→ **INSTRUCTIONS TO FOLLOW**:
Set down a true copy of the data, with all pictures left out.

→ **INPUT MATERIAL**:
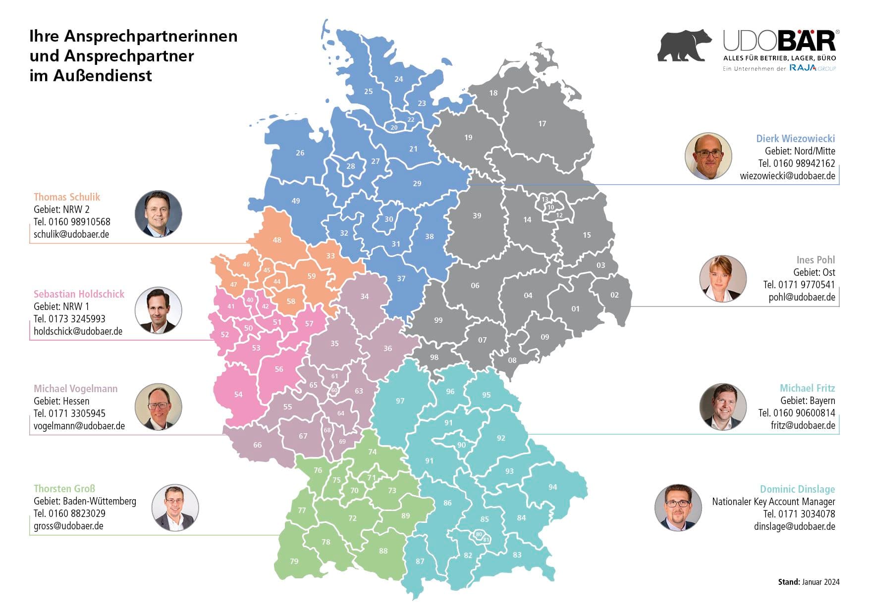 Unser Team von Außendienstmitarbeitern steht Ihnen bei allen Einkaufsentscheidungen auf Wunsch auch persönlich vor Ort zur Verfügung. Egal ob Sie bereits Kunde bei uns sind oder sich erst einmal über unsere Produktangebote und Services informieren möchten. Nutzen Sie unsere langjährige Erfahrung und Beratungskompetenz, um auch nicht alltägliche Beschaffungswünsche schneller und effizienter abzuwickeln. Denn UDO BÄR ist mehr als nur ein Katalog oder Online-Shop, unser Team ist immer für Sie da, wenn Sie uns brauchen.
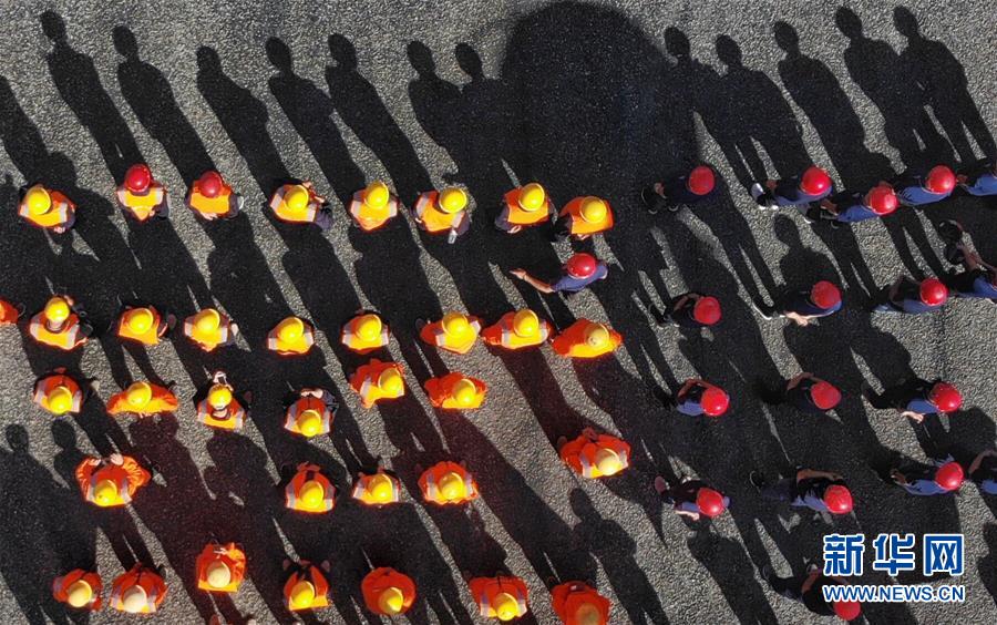 8月29日,中铁二十局的建设者参加贯通仪式(无人机拍摄)。 当日,兴延高速公路石峡隧道左线贯通。兴延高速公路南起北京西六环兴隆口,向北到达延庆。石峡隧道左线长5746.5米,位于北京昌平与延庆交界的山岭中,它的贯通为兴延高速公路整体工期目标的完成提供了有力保障。 新华社记者邢广利摄
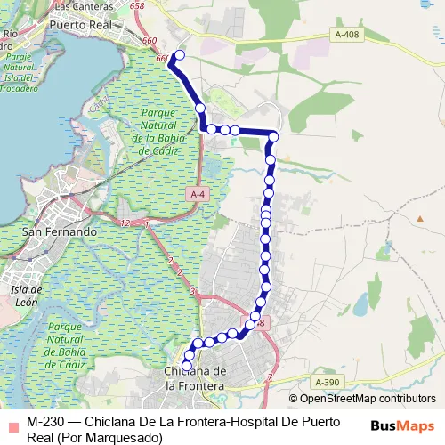 Bus M-230 - Chiclana De La Frontera-Hospital De Puerto Real (Por Marquesado): Full Schedule in Chiclana de la Frontera
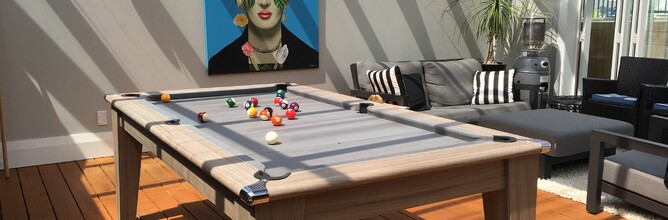 The Chelsea Pool Table Diner is the most popular pool table diner in New Zealand. It is available in black, white, light oak, oak, dark walnut and, for a limited time, driftwood - see picture. The table comes with a free two piece dining top and a full set of accessories. Ge...
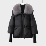 • Luksuzni ovratnik iz umetnega krzna: Mehka in voluminozna umetna krzna, ki vas ohranja tople in dodaja pridih elegance vaši obleki.
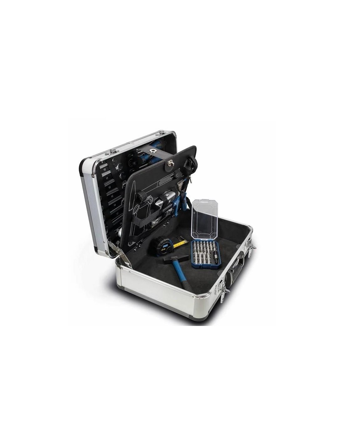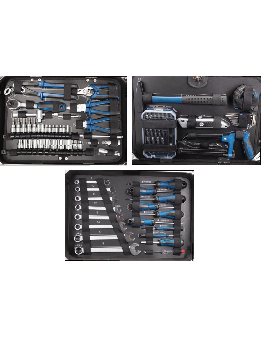 • L’ensemble comporte entre autres, une clé à cliquet réversible avec divers accessoires, une pince multiprise, une pince coupante, un couteau à lame trapézoïdale, un marteau, une scie, une cisaille, un détecteur de tension, un mètre à ruban, plusieurs clés à fourche, des tournevis, des clés Allen et des embouts de différentes tailles
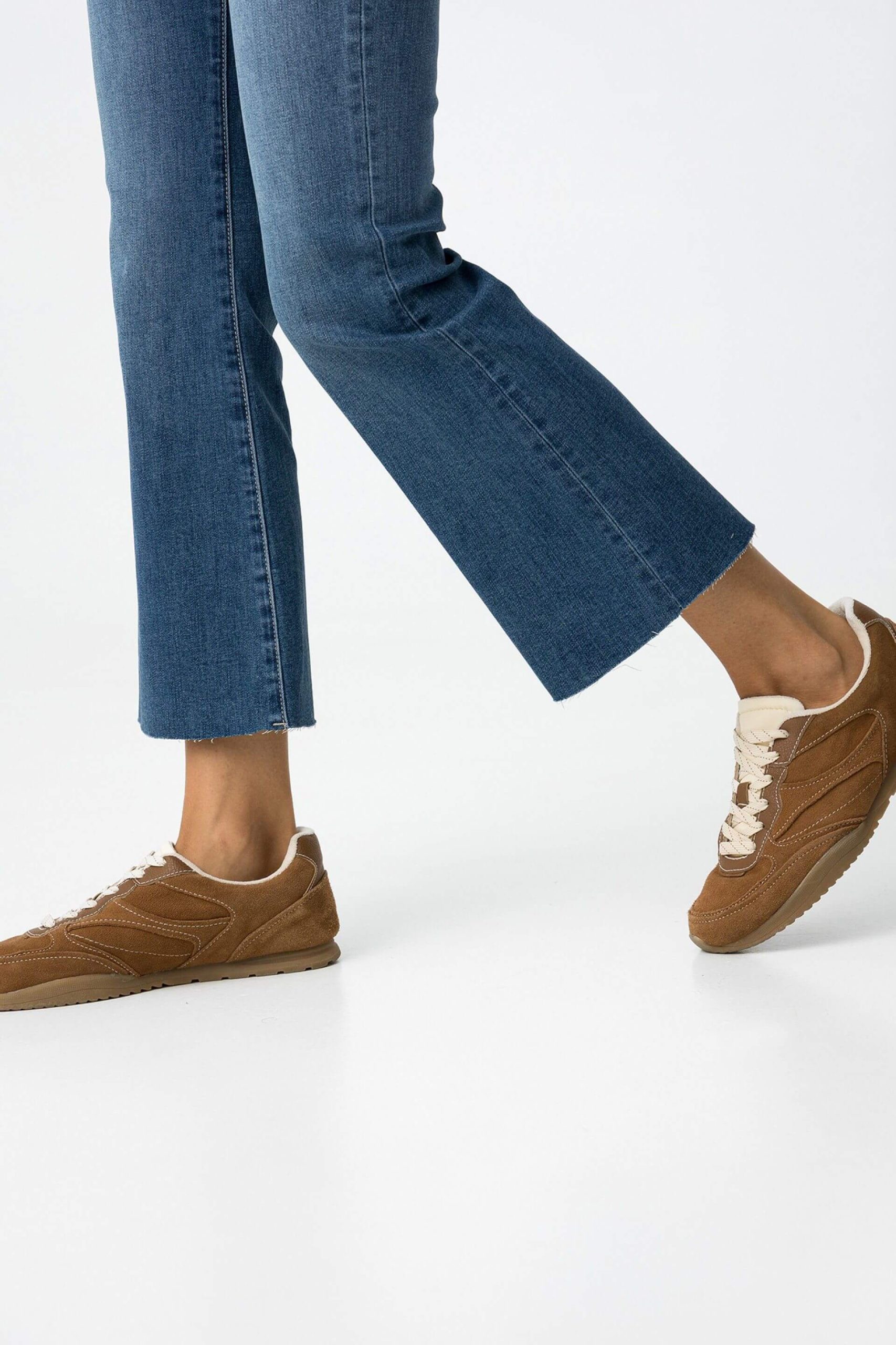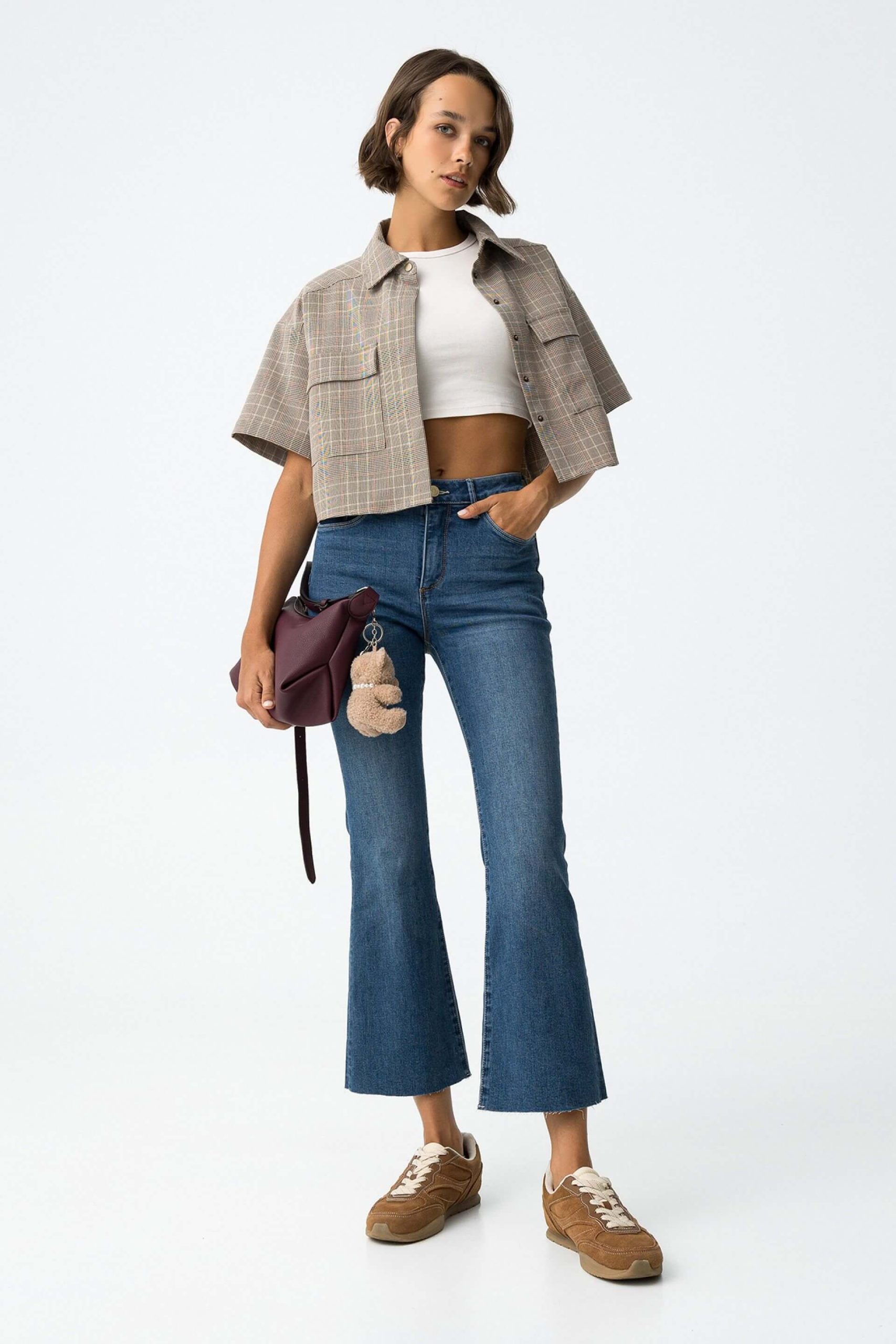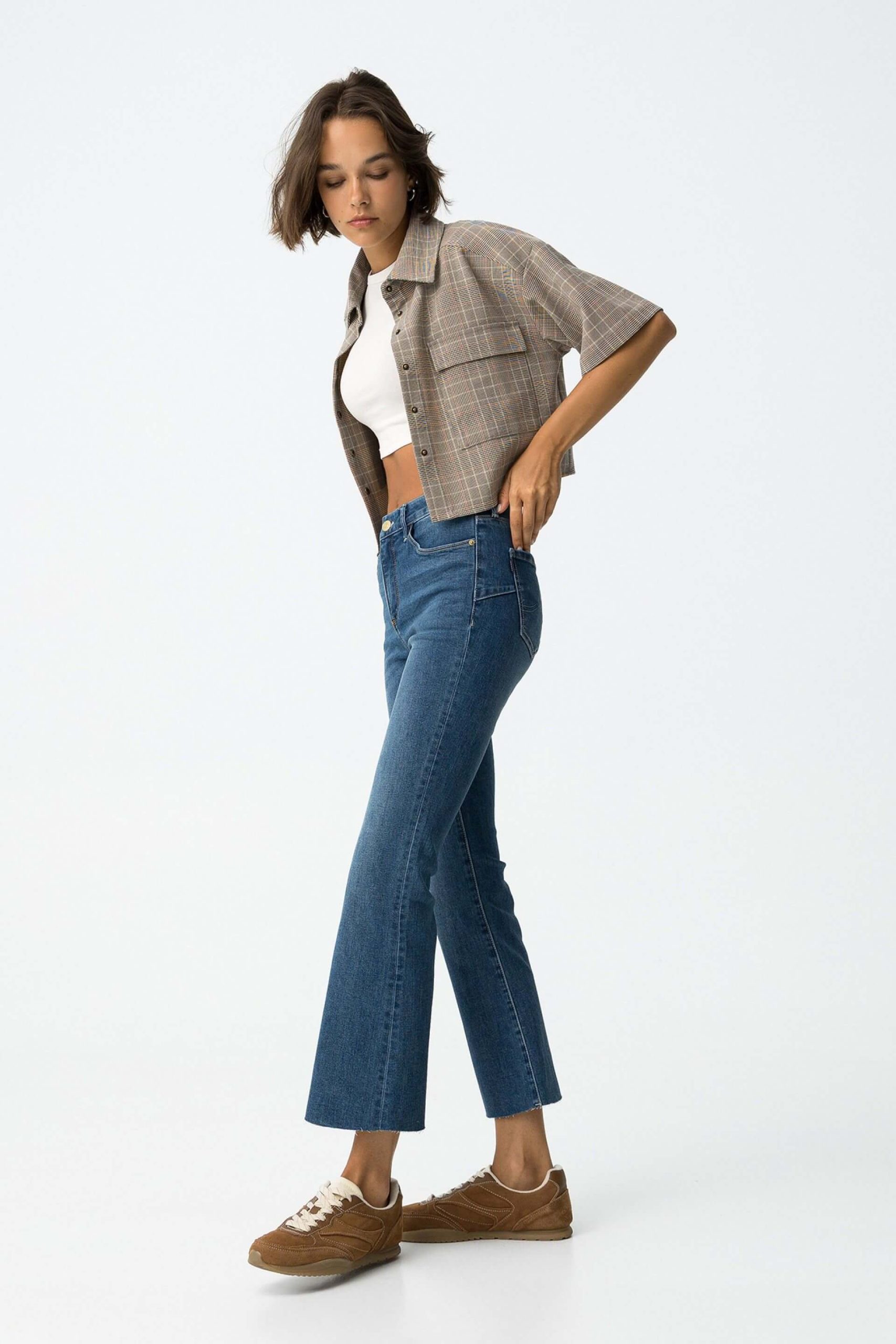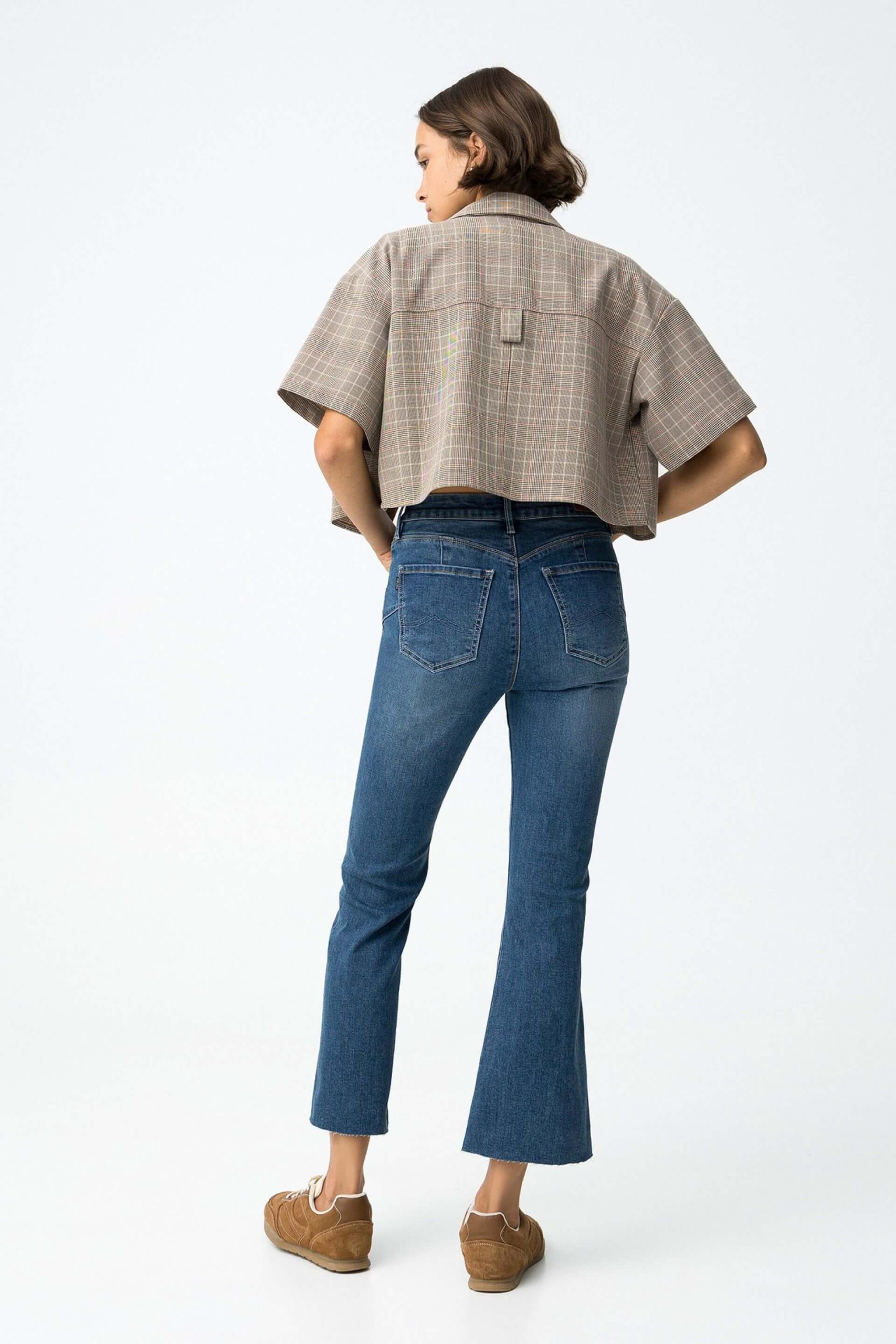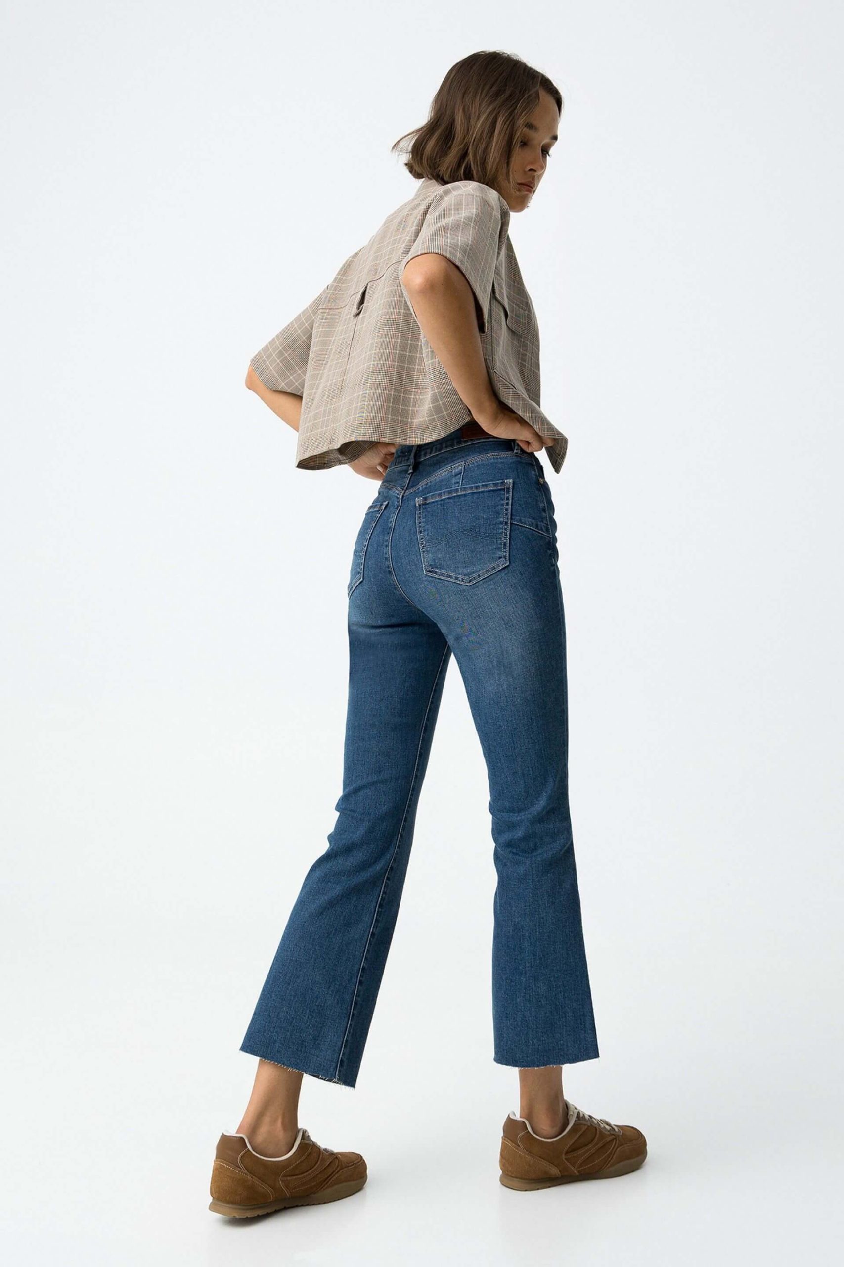 Pense em silhuetas dos anos 80, painéis pesados, denim super skinny e estampas de bandana. Pois bem essa era voltou aos dias de hoje. Assim são estes jeans médio push up boca de sino da Tiffosi. Apresenta corte com 5 bolsos, botão no cós e fecho. Para parte de cima combina na perfeição com t-shirt mas a dar com o tom. A manequim está a vestir o tamanho 34.
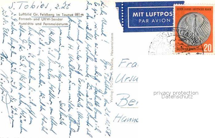 72889633 alte Postkarte Grosser Feldberg Taunus Fliegeraufnahme Aussichts- und Fernmeldeturm postalisch gelaufen Erhaltung siehe scans [AndreD76] KatCode: 11110006434009
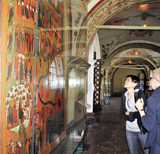 周美青在俄方人員陪同下參觀了修道院,并進入院內(nèi)的一間教堂,她對教堂內(nèi)東正教的圣像畫特別感興趣,其中一幅壁畫“末世的審判”描繪東正教里人與天地的關系,以及天堂與地獄的對比,周美青在壁畫前駐足良久仔細欣賞,似乎對東正教信仰有所體會。

→ **RESPONSE**:
 Unser Team von Außendienstmitarbeitern steht Ihnen bei allen Einkaufsentscheidungen auf Wunsch auch persönlich vor Ort zur Verfügung. Egal ob Sie bereits Kunde bei uns sind oder sich erst einmal über unsere Produktangebote und Services informieren möchten. Nutzen Sie unsere langjährige Erfahrung und Beratungskompetenz, um auch nicht alltägliche Beschaffungswünsche schneller und effizienter abzuwickeln. Denn UDO BÄR ist mehr als nur ein Katalog oder Online-Shop, unser Team ist immer für Sie da, wenn Sie uns brauchen.
 8月29日,中铁二十局的建设者参加贯通仪式(无人机拍摄)。 当日,兴延高速公路石峡隧道左线贯通。兴延高速公路南起北京西六环兴隆口,向北到达延庆。石峡隧道左线长5746.5米,位于北京昌平与延庆交界的山岭中,它的贯通为兴延高速公路整体工期目标的完成提供了有力保障。 新华社记者邢广利摄
 Bus M-230 - Chiclana De La Frontera-Hospital De Puerto Real (Por Marquesado): Full Schedule in Chiclana de la Frontera
 The Chelsea Pool Table Diner is the most popular pool table diner in New Zealand. It is available in black, white, light oak, oak, dark walnut and, for a limited time, driftwood - see picture. The table comes with a free two piece dining top and a full set of accessories. Ge...
 • Luksuzni ovratnik iz umetnega krzna: Mehka in voluminozna umetna krzna, ki vas ohranja tople in dodaja pridih elegance vaši obleki.
 • L’ensemble comporte entre autres, une clé à cliquet réversible avec divers accessoires, une pince multiprise, une pince coupante, un couteau à lame trapézoïdale, un marteau, une scie, une cisaille, un détecteur de tension, un mètre à ruban, plusieurs clés à fourche, des tournevis, des clés Allen et des embouts de différentes tailles
 Pense em silhuetas dos anos 80, painéis pesados, denim super skinny e estampas de bandana. Pois bem essa era voltou aos dias de hoje. Assim são estes jeans médio push up boca de sino da Tiffosi. Apresenta corte com 5 bolsos, botão no cós e fecho. Para parte de cima combina na perfeição com t-shirt mas a dar com o tom. A manequim está a vestir o tamanho 34.
 72889633 alte Postkarte Grosser Feldberg Taunus Fliegeraufnahme Aussichts- und Fernmeldeturm postalisch gelaufen Erhaltung siehe scans [AndreD76] KatCode: 11110006434009
 周美青在俄方人員陪同下參觀了修道院,并進入院內(nèi)的一間教堂,她對教堂內(nèi)東正教的圣像畫特別感興趣,其中一幅壁畫“末世的審判”描繪東正教里人與天地的關系,以及天堂與地獄的對比,周美青在壁畫前駐足良久仔細欣賞,似乎對東正教信仰有所體會。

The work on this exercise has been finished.